═══ COLLECTED MATERIAL
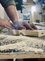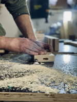 Naše produkty nevznikají na pásu. Vybíráme kvalitní masivní dřevo, každý spoj ladíme do detailu a každý povrch pečlivě opracováváme tak, aby vydržel roky používání i pohledů. Od prvního řezu až po finální broušení je za každým výrobkem skutečný člověk.
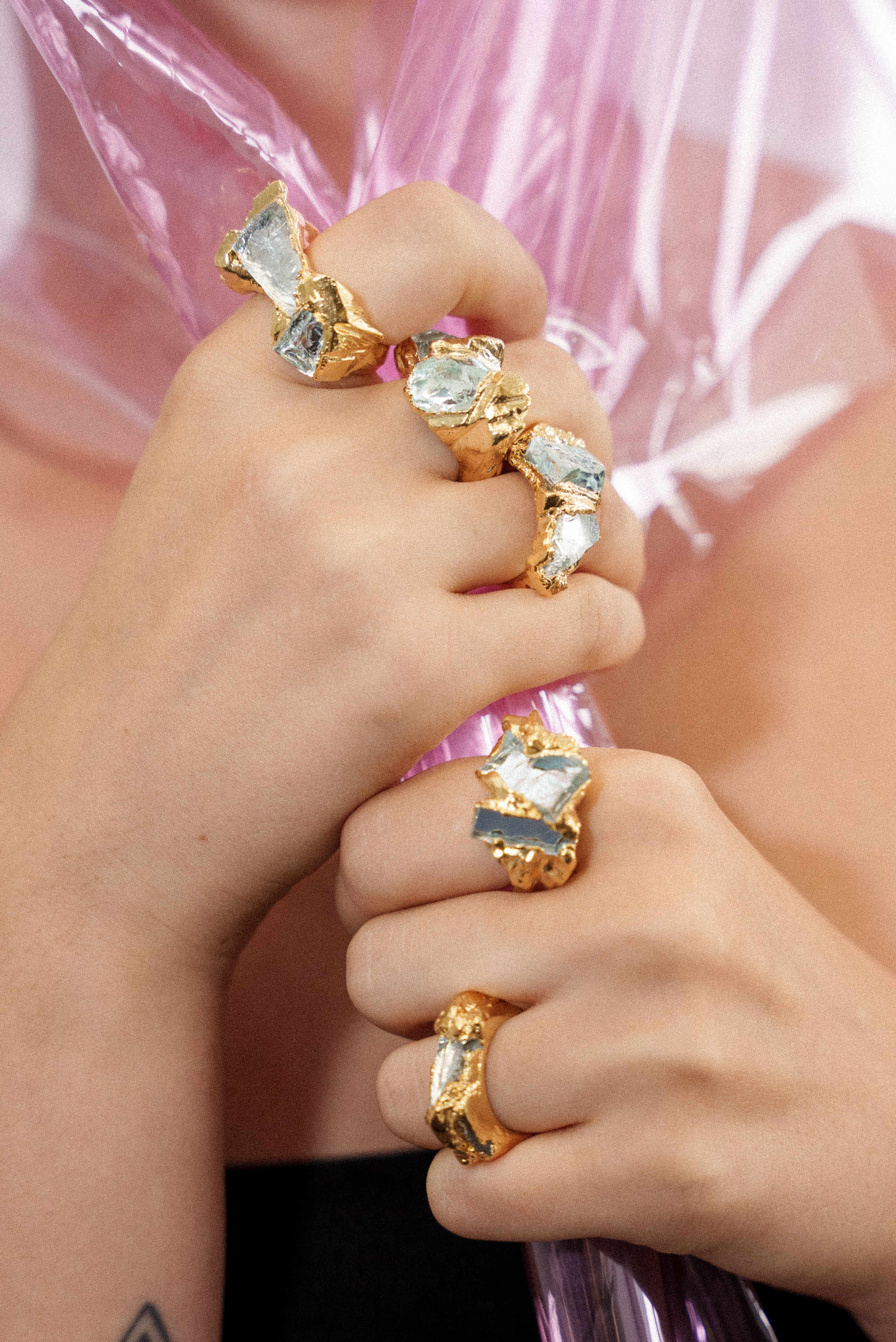 À la fois brut et délicat, ce bijou est réalisé entièrement à la main. L'ensemble est plaqué or 24K, réhaussé d'un miroir taillé selon les techniques de taille emblématiques de la marque.
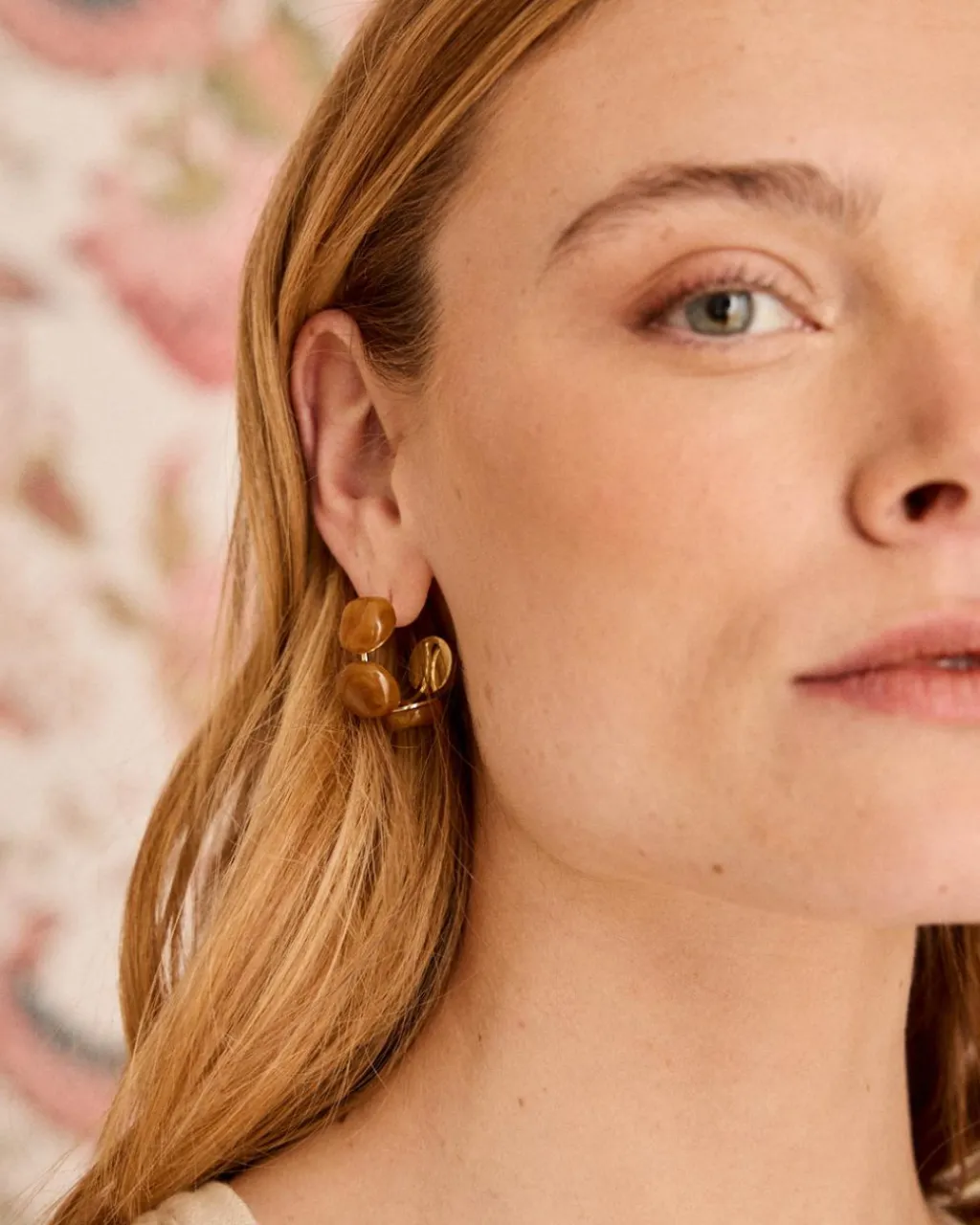 Boucles d’oreilles créoles en or avec détails ronds en pierre moka.
══════
■ EXERCISE BRIEF
Reproduce every line of the material above, but drop the pictures.

■ ANSWER AREA
 Naše produkty nevznikají na pásu. Vybíráme kvalitní masivní dřevo, každý spoj ladíme do detailu a každý povrch pečlivě opracováváme tak, aby vydržel roky používání i pohledů. Od prvního řezu až po finální broušení je za každým výrobkem skutečný člověk.
 À la fois brut et délicat, ce bijou est réalisé entièrement à la main. L'ensemble est plaqué or 24K, réhaussé d'un miroir taillé selon les techniques de taille emblématiques de la marque.
 Boucles d’oreilles créoles en or avec détails ronds en pierre moka.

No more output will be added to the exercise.